Illinois — A recent report released by the Illinois Economic Policy Institute says that while transportation is a crucial component of the lives of every Illinois resident, employee, and business, Illinois leaders have failed to provide adequate funding.
The report dated April 4, states that from roads to transit systems, maintenance is being deferred and new projects to address safety or congestion needs are increasingly unlikely. In their report, the Illinois Economic Policy Institute examined existing transportation conditions and assessed funding shortfalls, among them that;
- The number of “backlog” IDOT roadway miles – indicating deterioration that requires immediate maintenance – has increased by 85%, from 1,700 in 2000 to over 3,300 in 2015.
- 20% of all IDOT roadways are currently in “poor” condition compared to only 8% in 2001.
- If current funding strategies continue, the number of “backlog” road miles and bridges are expected to increase by 101% and 64%, respectively, by the year 2023.
- Less than 60% of systems and 70% of guideway elements in the Regional Transportation Authority’s systems are considered to be in “good repair” or within their useful life.
Additional investment will improve congestion issues and contribute to needed safety improvements.
- The average peak hour commuter in the Chicago region experienced 61 hours of delay annually due to congestion, compared to only 52 hours in 2000.
- Over 12,600 fatal and serious injuries were witnessed on state and local roadways from vehicle crashes in 2014. Over $4.6 billion per year is necessary to bring all roads, bridges, and transit systems into a state of good repair.
- IDOT requires an additional $10 billion between 2018 and 2023 to bring all road miles into an acceptable condition and repair all backlog bridges.
- Total capital needs for statewide transit systems total over $41 billion to bring to a state of good repair through the next 10 years, including $2.72 billion per year above existing funding for the Regional Transit Authority and $0.20 billion per year for downstate transit. Unsustainable funding sources are leading to existing poor conditions.
- The state motor fuel tax generated nearly $1.8 billion in 1999, but only $1.3 billion in 2015 (2017$).
- On average, each Illinois driver paid $158 in motor fuel taxes per year in 2015, $65 less than 1999 (in 2017$) – a 29% decrease.
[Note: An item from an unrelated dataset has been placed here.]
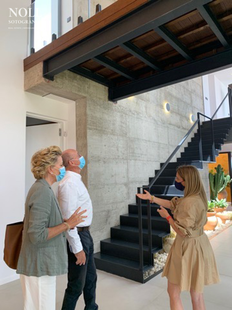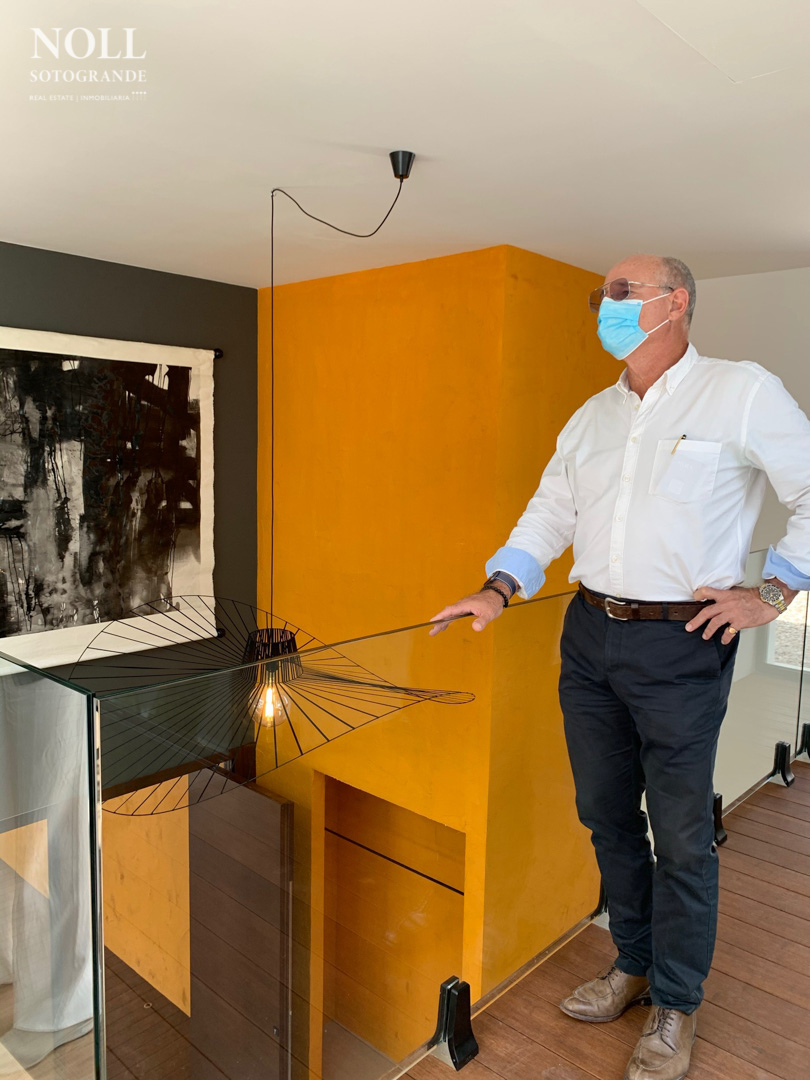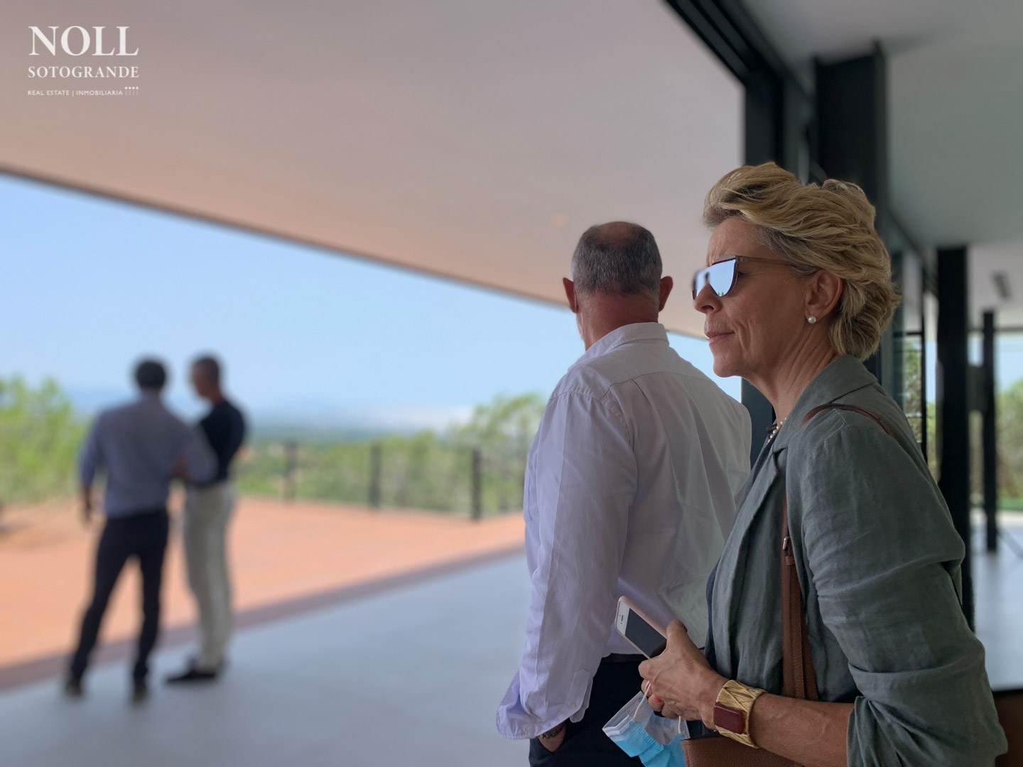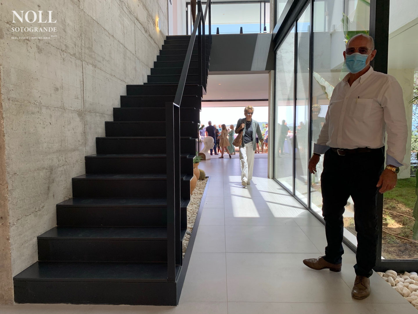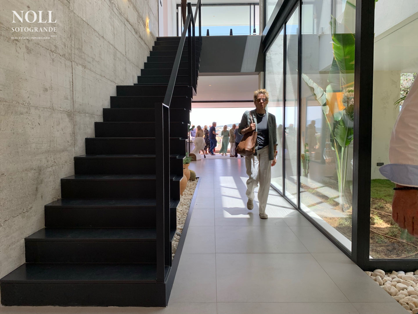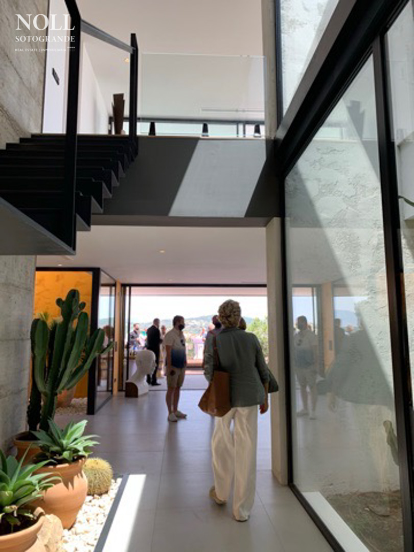 Zu einem Open House in dieser Villa in Sotogrande wurden wir eingeladen, um das fertige Haus zu besichtigen und einige der am Bau beteiligten Personen wie den Architekten Ignacio Merino Rivero zu treffen. Es war sehr interessant, in Sotogrande etwas anderes zu sehen, insofern, dass diese Villa nicht der typischen Villa ähnelt, die wir sonst in Sotogrande sehen. Sie vermittelt das Gefühl, sich in einem Wald zu befinden, in dem nicht nur Bäume das Haus umgeben, sondern auch einige auf der Terrasse wachsen. Die Aussicht ist spektakulär über die Berge der Sierra Bermeja und auf das Meer.

Massive changes are needed and Illinois cannot depend on federal sources to supply needed funding.
- President Trump’s infrastructure plan emphasizes the need for state and local funds to support minimal federal funds.
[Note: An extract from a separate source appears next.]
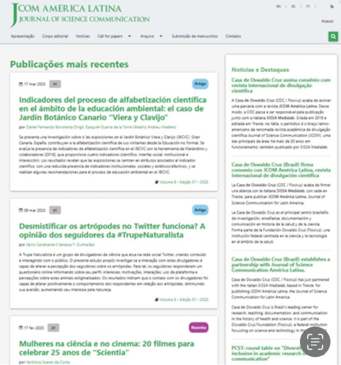 JCOM América Latina: investigación en divulgación de la ciencia Les invitamos … 22 Março, 2025 Geral View Post
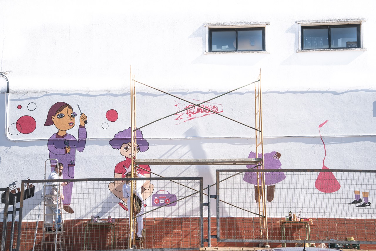 El mural reivindica aquellas profesiones, tradicionalmente de hombres, que pueden desempeñar, en igualdad, las mujeres.

- The gasoline and special fuel tax rates would need to be increased to $0.85 and $1.00 per gallon, respectively, to generate the additional $4.6 billion needed per year – increases of 347% and 365%.
- A vehicle miles traveled fee can produce similar revenues, with a study completed in 2015 estimating over $3.7 billion in revenues for 2016. Transportation fees are minimal compared to added vehicle maintenance costs from poorly maintained roadways and average utility expenses.
- Drivers in Chicago are estimated to pay an additional $627 per year from vehicle maintenance due to the inferior roadway system.
- At most, an average Illinois driver currently pays $360 a year – or approximately $30 a month – in state and federal transportation fees.
- The average annual electricity and cable bills are almost 4 times the typical transportation fees.
Illinois already has the 11th-highest gas tax in the nation, according to the Tax Foundation. An 85-cent tax would put Illinois at No. 1, well ahead of current gas gouger Pennsylvania at 58 cents a gallon. But that’s not all they propose.
In their report they state that Illinois policymakers are now faced with the question of how Illinois will respond to close the $4.6 billion a year funding shortfall: increase existing user fees or consider new funding options?
Similarly, the report states, as shown in Figure 27, the vehicle registration fees for automobiles and light-duty trucks would require an increase of $578 per vehicle to generate the needed revenues – a 472% increase.
That’s $578 for a license plate sticker.
The Illinois Economic Policy Institute says that at most, an average driver currently pays $360 a year – or approximately $30 a month – in state and federal transportation fees. What these folks who would renovate Illinois’ highways go on to say is that when compared to other average utilities, this is incredibly low.
“…the average person is willing to pay $876 for a phone each year, but only pays around $318 to maintain the transportation system he or she depends on to access work, school, the grocery store, and countless other needs”, the report states.
“The transportation system is a public utility that functions similarly to the electricity network or a public water system. Just the same as a person depends on working electricity and water, the public expects a similarly operational transportation system, yet funding is nowhere near equivalent.”